- TASK GOAL
The whole listing needs to be written out exactly, except for any images.

- DATA SEGMENT
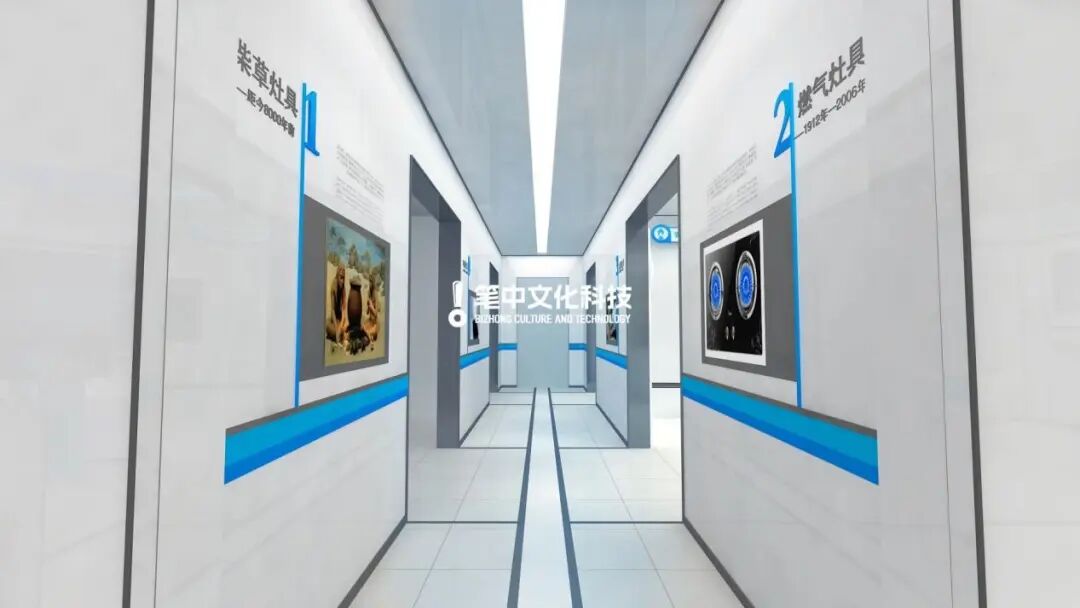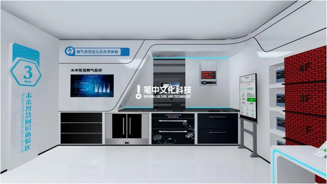 连接各展区的走廊空间展示智能灶具和智能燃气表。
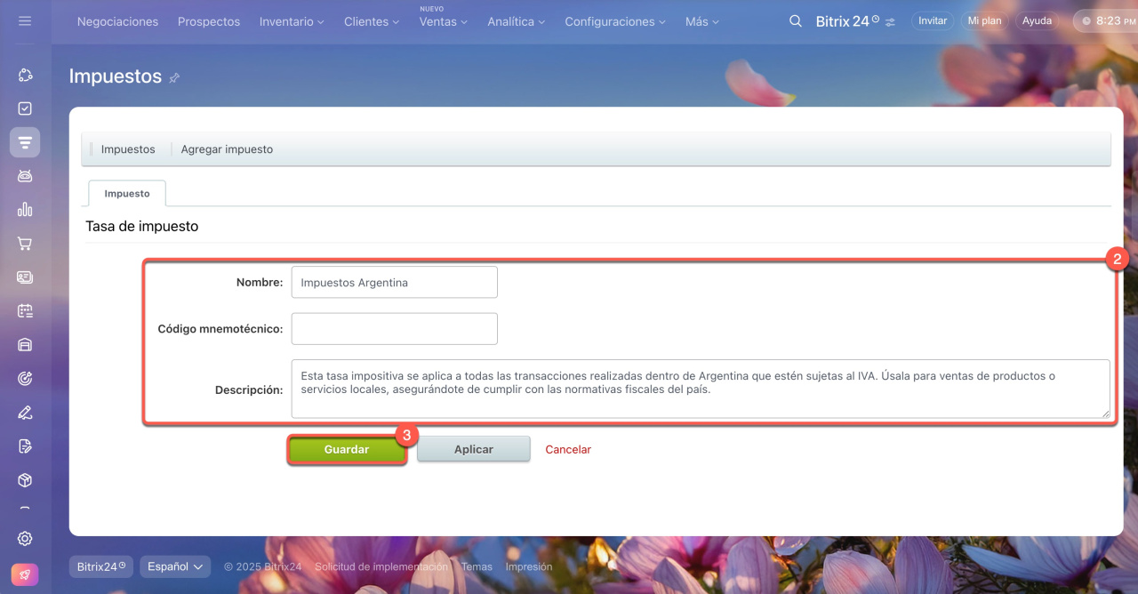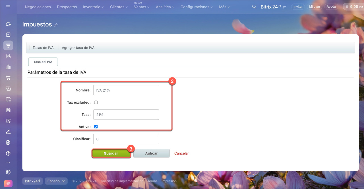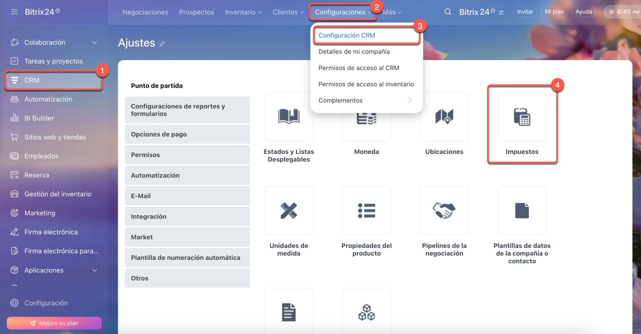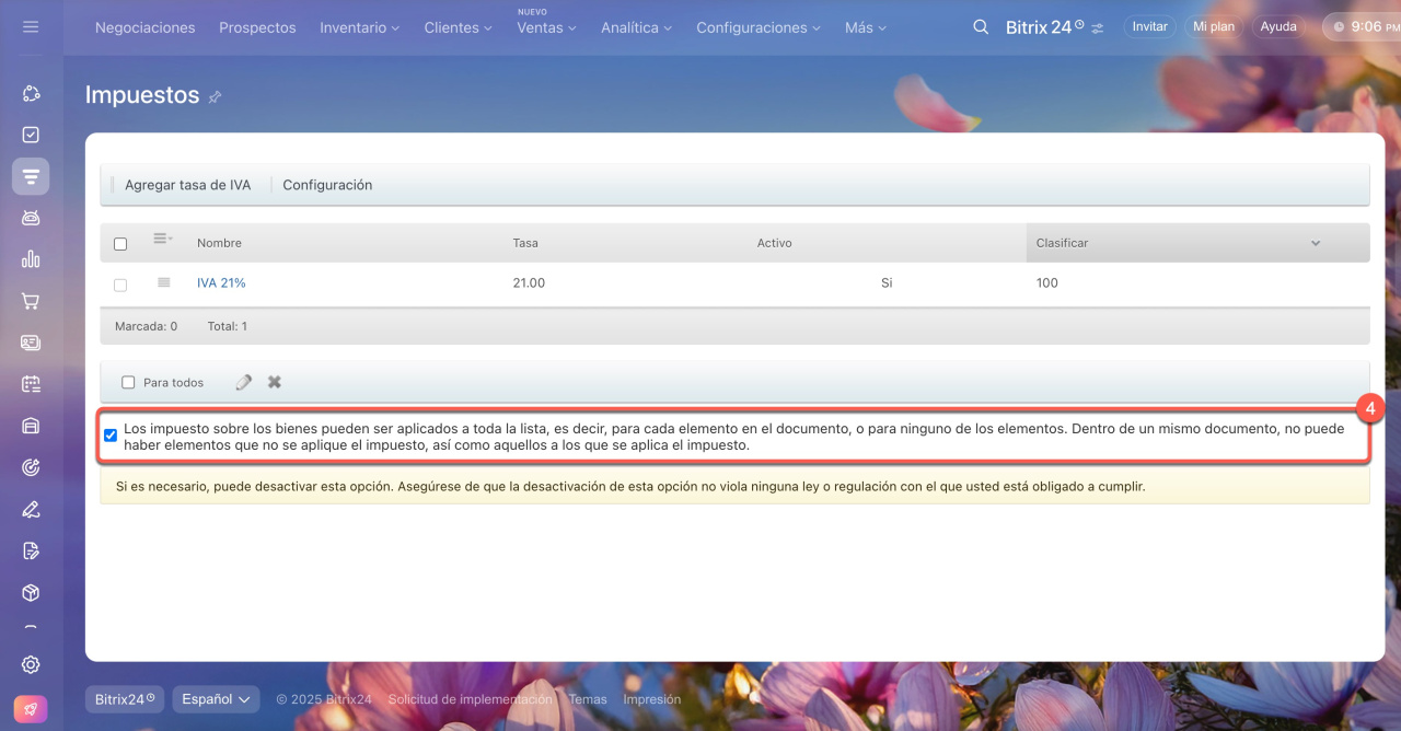 - En Bitrix24 puedes configurar tasas de impuestos para productos y servicios, aplicándolos automáticamente a documentos, facturas y negociaciones.
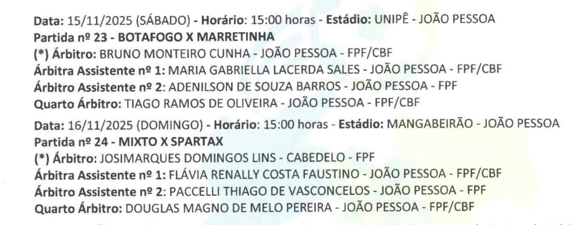 O árbitro Bruno Monteiro apita a partida entre Botafogo-PB e Marretinha, neste sábado (15), às 15h, no campo do Unipê. Enquanto que, Josimarques Domingos vai comandar o jogo envolvendo Mixto e Spartax, no domingo (16), no estádio Evandro Lelis, campo do Auto Esporte, em Mangabeira.
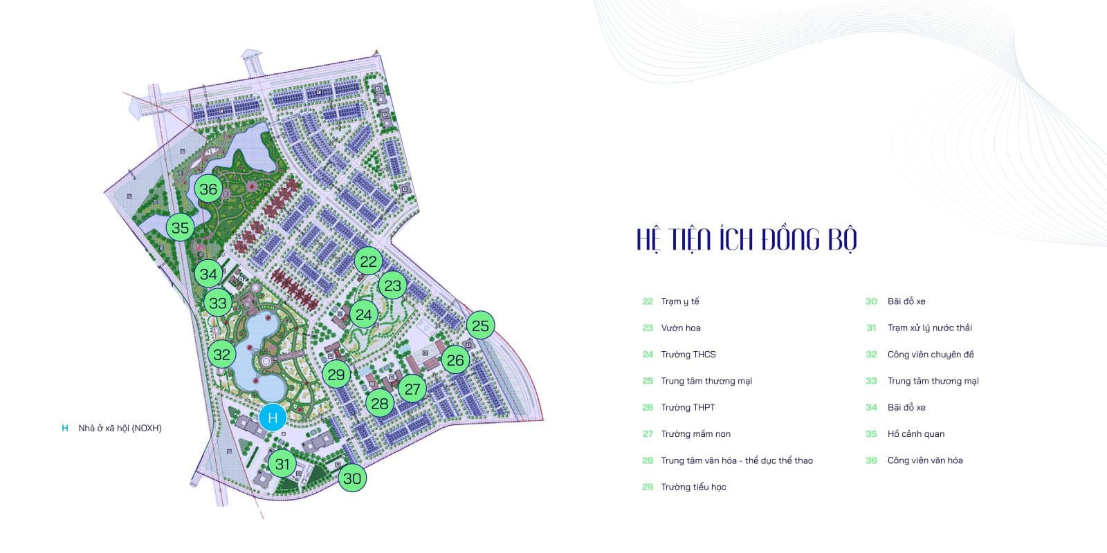 Sản phẩm: 594 căn nhà ở thấp tầng (267 căn Shophouse & 325 căn Liền kề), 2 tòa căn hộ cao cấp cao 30 tầng với gần 600 căn hộ.

- RESPONSE TO THIS TASK
 连接各展区的走廊空间展示智能灶具和智能燃气表。
 - En Bitrix24 puedes configurar tasas de impuestos para productos y servicios, aplicándolos automáticamente a documentos, facturas y negociaciones.
 O árbitro Bruno Monteiro apita a partida entre Botafogo-PB e Marretinha, neste sábado (15), às 15h, no campo do Unipê. Enquanto que, Josimarques Domingos vai comandar o jogo envolvendo Mixto e Spartax, no domingo (16), no estádio Evandro Lelis, campo do Auto Esporte, em Mangabeira.
 Sản phẩm: 594 căn nhà ở thấp tầng (267 căn Shophouse & 325 căn Liền kề), 2 tòa căn hộ cao cấp cao 30 tầng với gần 600 căn hộ.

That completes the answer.